### Oracle AI Vector Search: Loading the Vector Store

With this Notebook you can load your Knowledge Base in Oracle DB and create and  store the Embeddings Vectors.

The KB is made by a set of pdf files, stored in a directory. This NB:
* Reads all the pdf files and splits in chunks
* Compute the embeddings for all chunks
* Store chunks and embeddings in **ORACLE_KNOWLEDGE** table

* This demo is based on the **LangChain** integration
* **OCI GenAI multi-lingual (Cohere) embeddings**
* Data will be stored in a single table (ORACLE_KNOWLEDGE)

Afterward, you can do a similarity search and run an assistant, based on OCI GenAI, on top.

In [1]:
import logging
from glob import glob
import pandas as pd

# to load and split txt documents
from langchain_community.document_loaders import DirectoryLoader
from langchain_community.document_loaders import TextLoader
from langchain.text_splitter import RecursiveCharacterTextSplitter

# to compute embeddings vectors
from langchain_community.embeddings import OCIGenAIEmbeddings

# the class to integrate OCI AI Vector Search with LangChain
from oracle_vector_db_lc import OracleVectorStore
from chunk_index_utils import load_books_and_split

from config import OCI_EMBED_MODEL, ENDPOINT
from config_private import COMPARTMENT_ID

In [2]:
# Test connection to the DB
OracleVectorStore.test_connection()

2024-05-03 15:35:37,141 - INFO - Successfully connected !!!


#### Setup

In [3]:
#
# Some configurations
#

# directory where our Knowledge base is contained in txt files
BOOKS_DIR = "./books"

# Configure logging
logging.basicConfig(
    level=logging.INFO, format="%(asctime)s - %(levelname)s - %(message)s"
)

embed_model = OCIGenAIEmbeddings(
    # this code is done to be run in OCI DS.
    # If outside replace with API_KEY and provide API_KEYS
    # auth_type = "RESOURCE_PRINCIPAL"
    auth_type="API_KEY",
    model_id=OCI_EMBED_MODEL,
    service_endpoint=ENDPOINT,
    compartment_id=COMPARTMENT_ID,
)

In [4]:
# this is the file list containing the Knowledge base
file_list = sorted(glob(BOOKS_DIR + "/" + "*.pdf"))

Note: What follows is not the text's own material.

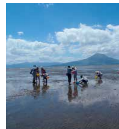
錦江湾の生き物観察ツアー（重富海岸自然ふれあい館なぎさミュージアム）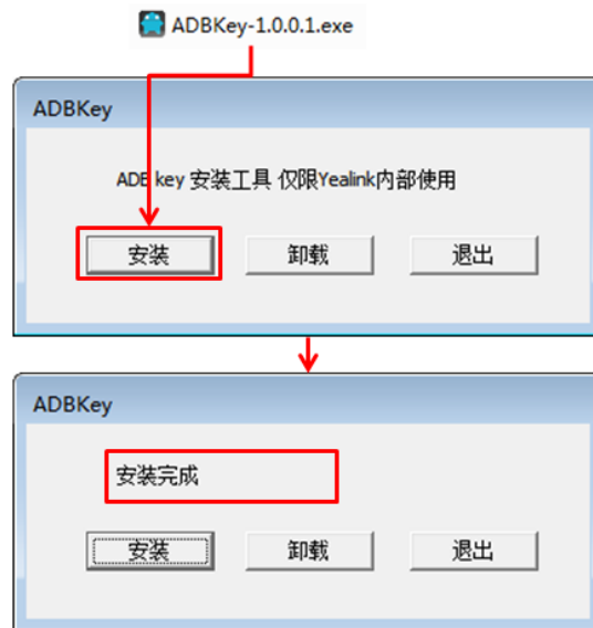
图 2 - 2 ADBKey 安装流程图

print(f"There are {len(file_list)} files to be loaded...")
for f_name in file_list:
    print(f_name)

There are 8 files to be loaded...
./books/CurrentEssentialsofMedicine.pdf
./books/Il conto corrente in parole semplici.pdf
./books/La storia del Gruppo-iccrea.pdf
./books/La_Centrale_dei_Rischi_in_parole_semplici.pdf
./books/covid19_treatment_guidelines.pdf
./books/database-concepts.pdf
./books/high-availability-23c.pdf
./books/the-side-effects-of-metformin-a-review.pdf


#### Load all files and then splits in chunks

In [5]:
docs = load_books_and_split(BOOKS_DIR)

2024-05-03 15:35:51,328 - Loading documents from ./books...
2024-05-03 15:35:51,332 - Loading books: ['./books/La_Centrale_dei_Rischi_in_parole_semplici.pdf', './books/CurrentEssentialsofMedicine.pdf', './books/database-concepts.pdf', './books/covid19_treatment_guidelines.pdf', './books/Il conto corrente in parole semplici.pdf', './books/La storia del Gruppo-iccrea.pdf', './books/the-side-effects-of-metformin-a-review.pdf', './books/high-availability-23c.pdf']

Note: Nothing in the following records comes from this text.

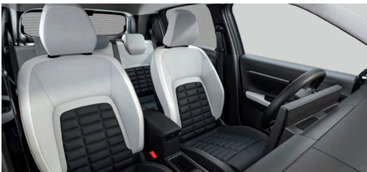
Látkový poťah čierny Fabric / sivý TEP poťah Sedadlá Citroën Advanced Comfort Palubná doska a panely dverí s dekórom Siderite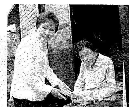
お誕生日友愛訪問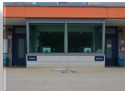
Besuchereingang auf der rechten Seite

Den genauen Termin Ihres Besuches erfahren Sie bei der Terminabsprache.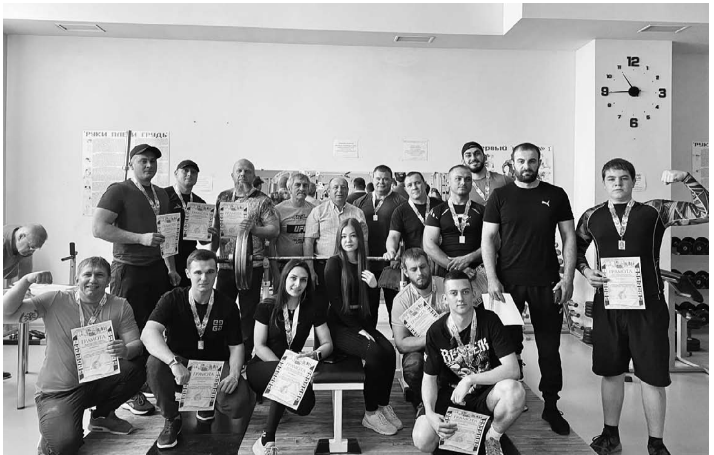
Силу демонстрировали мужчины и женщины, юноши и девушки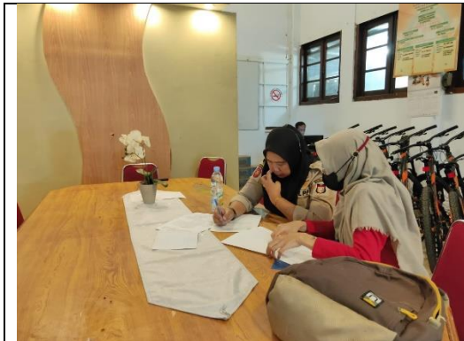
Wawancara dengan Informan dari Satpol PP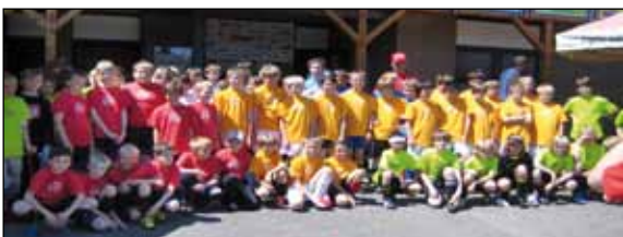
Die teilnehmenden Mannschaften kamen vom SV 03 Geseke, Haaren 2, Lipperode 2, Esbeck 2, Thüle, VfB Salzkotten sowie Verne 1, Verne

  0%|          | 0/8 [00:00<?, ?it/s]

2024-05-03 15:36:11,026 - Loaded 4832 chunks...


#### Create Embed Model, Vector Store and load vectors + embeddings in the DB

In [6]:
# clean the existing table
# be careful: do you really want to delete all the existing records?
OracleVectorStore.drop_collection(collection_name="ORACLE_KNOWLEDGE")

2024-05-03 15:36:18,650 - INFO - ORACLE_KNOWLEDGE dropped!!!


In [7]:
OracleVectorStore.create_collection(collection_name="ORACLE_KNOWLEDGE")

2024-05-03 15:36:20,026 - INFO - ORACLE_KNOWLEDGE created!!!


In [8]:
# create embedding model and then the vector store

# Here compute embeddings and load texts + embeddings in DB
# can take minutes (for embeddings)
v_store = OracleVectorStore.from_documents(
    docs, embed_model, collection_name="ORACLE_KNOWLEDGE", verbose=True
)

2024-05-03 15:36:22,063 - INFO - Compute embeddings...


  0%|          | 0/54 [00:00<?, ?it/s]

2024-05-03 15:39:13,972 - INFO - Saving texts, embeddings to DB...


  0%|          | 0/4832 [00:00<?, ?it/s]

2024-05-03 15:41:44,943 - INFO - Tot. errors in save_embeddings: 0


#### Do a query for test

In [9]:
v_store = OracleVectorStore(
    embedding=embed_model, collection_name="ORACLE_KNOWLEDGE", verbose=True
)

In [10]:
# k is the number of docs we want to retrieve
retriever = v_store.as_retriever(search_kwargs={"k": 6})

In [11]:
question = "Elenca i passi salienti della storia del gruppo Iccrea"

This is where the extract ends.